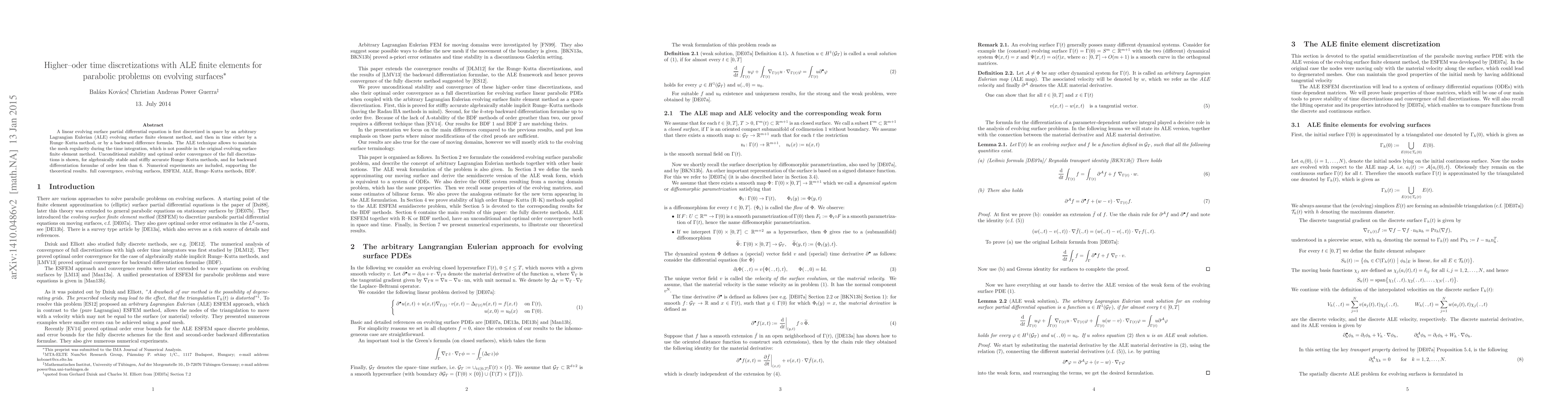 This paper presents higher-order time discretizations using ALE finite elements for parabolic problems on evolving surfaces, ensuring mesh regularity and achieving unconditional stability and optimal convergence. Numerical experiments validate the theoretical findings.
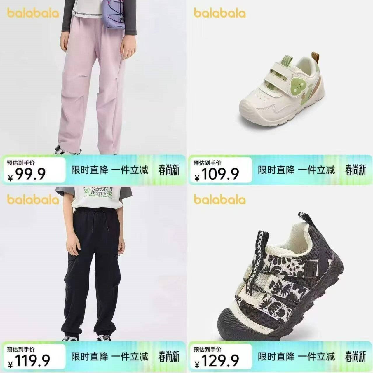 巴拉巴拉女童吸湿休闲长裤 89.9元,巴拉巴拉男童春秋防滑运动鞋 99.9元
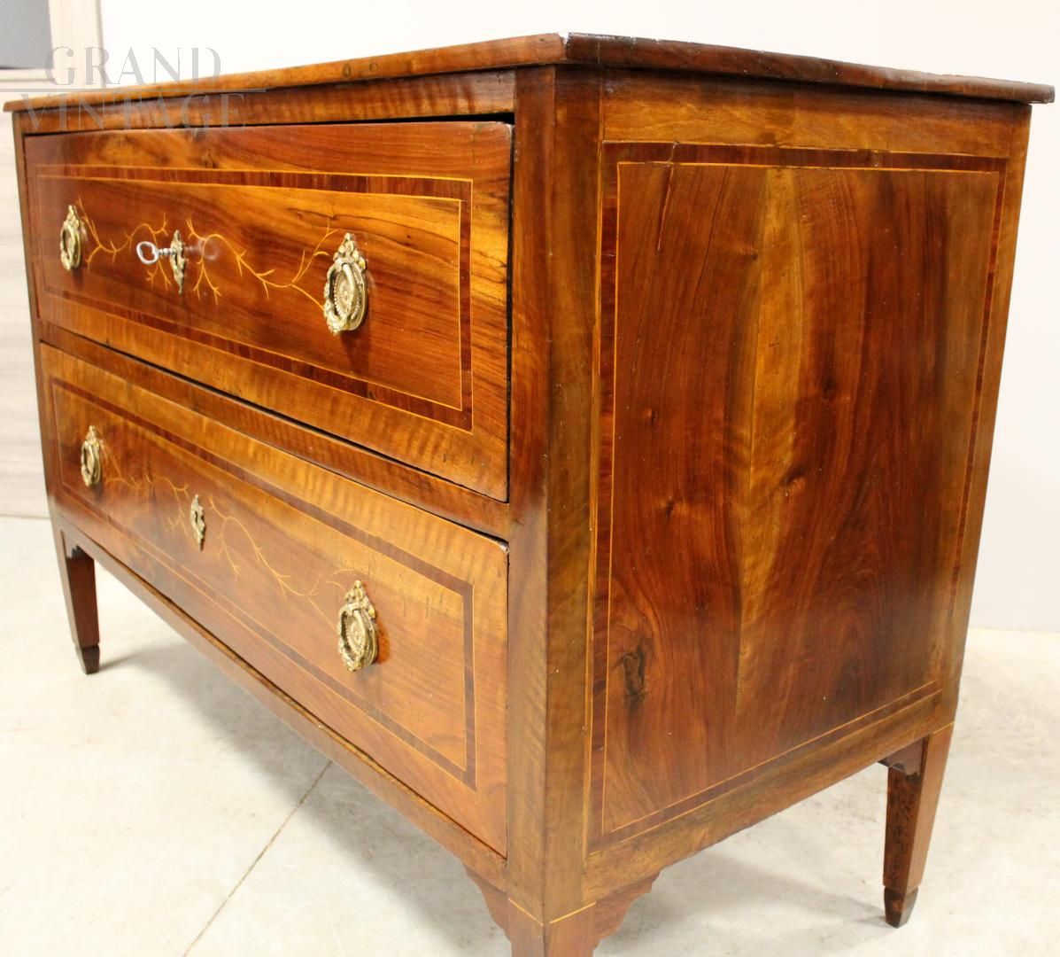 Antique Louis XVI chest of drawers with two drawers in solid walnut, with Rolo inlays and threaded in precious woods - Rolo inlay from the 18th century - Louis XVI, from Italy - Emilia Romagna. Restored.

* Instructions to follow *
Give back the full listing above word for word, and let no picture through.

* Expected answer *
 This paper presents higher-order time discretizations using ALE finite elements for parabolic problems on evolving surfaces, ensuring mesh regularity and achieving unconditional stability and optimal convergence. Numerical experiments validate the theoretical findings.
 巴拉巴拉女童吸湿休闲长裤 89.9元,巴拉巴拉男童春秋防滑运动鞋 99.9元
 Antique Louis XVI chest of drawers with two drawers in solid walnut, with Rolo inlays and threaded in precious woods - Rolo inlay from the 18th century - Louis XVI, from Italy - Emilia Romagna. Restored.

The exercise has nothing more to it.